Mrs Macken’s support for more openness was most welcome, as has been IPKAT’s in related earlier commentary. A policy basis may be a comfortable way for HMG to avoid publication of its thinking but sits poorly with support for open justice. Aside from looking worryingly like making law without consultation, a bit of governmental confidence in the use of sensible discretion in public interest matters would not go amiss."
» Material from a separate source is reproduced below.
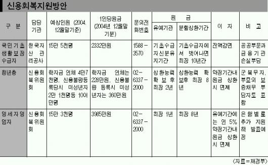 재정경제부는 이런 내용의 ‘생계형 신용불량자 신용회복 지원방안’을 23일 노무현 대통령에게 보고했다. 정부는 “금융기관별로 실행계획이 확정되는 대로 이르면 이달 말부터 순차적으로 지원이 이루어질 것”이라고 밝혔다. 정부는 ▲기초수급자(올해 4인가구 기준 월 소득 114만원 이하) 15만 5000명 ▲영세자영업자(간이과세 사업자 등) 15만 3000명 ▲청년층(학자금 연체자 등) 10여만명 등 40만명을 생계형 신용회복 지원 대상에 포함시켰다.
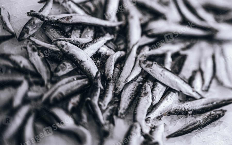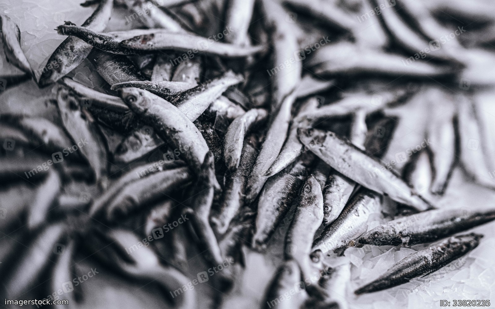 Close-up of fresh sprat on the ice in fish market. Winter fishing. Small silver fish production.

In March, Master of the Rolls, Lord Neuberger, (picture, below) a former member of the Patents Court, delivered the annual Judicial Studies Board lecture entitled "Open Justice Abound?". He stated that
"The importance of open justice as a fundamental principle has not only secured its place in our legal system. It has also secured its place in the legal systems of all those countries which are signatories to the European Convention on Human Rights. Article 6 of the Convention was specifically drafted to replicate the House of Lords’ ringing affirmation of open justice in the seminal early twentieth century decision of the House of Lords in Scott v Scott. In that case, Lord Shaw described how open justice was ‘a sound and very sacred part of the constitution of the country and the administration of justice. . .The principle is equally embedded into the framework of all common law systems; not least the United States, where, in 1791, it was enshrined as a constitutional right by the 6th amendment. It is as important as it is well-travelled and long-lived."Well then...give us our written submissions, the AmeriKat says!
What do readers thinks? Does anyone have any fun arguments regarding open justice, freedom of information and Regulation 1049/2001? Is there a legitimate public interest not to disclose the observations in IP cases? Are all of the exceptions swept up by "international relations" justification?
Further, is there really a contempt issue, as suggested? How can there be contempt in circumstances where the Court, who cannot rule on the underlying substantive case anyway, is charged only with making a preliminary ruling about abstract legal questions? And more preliminarily, where does the power of the Court to find contempt even come from? Let the debate begin!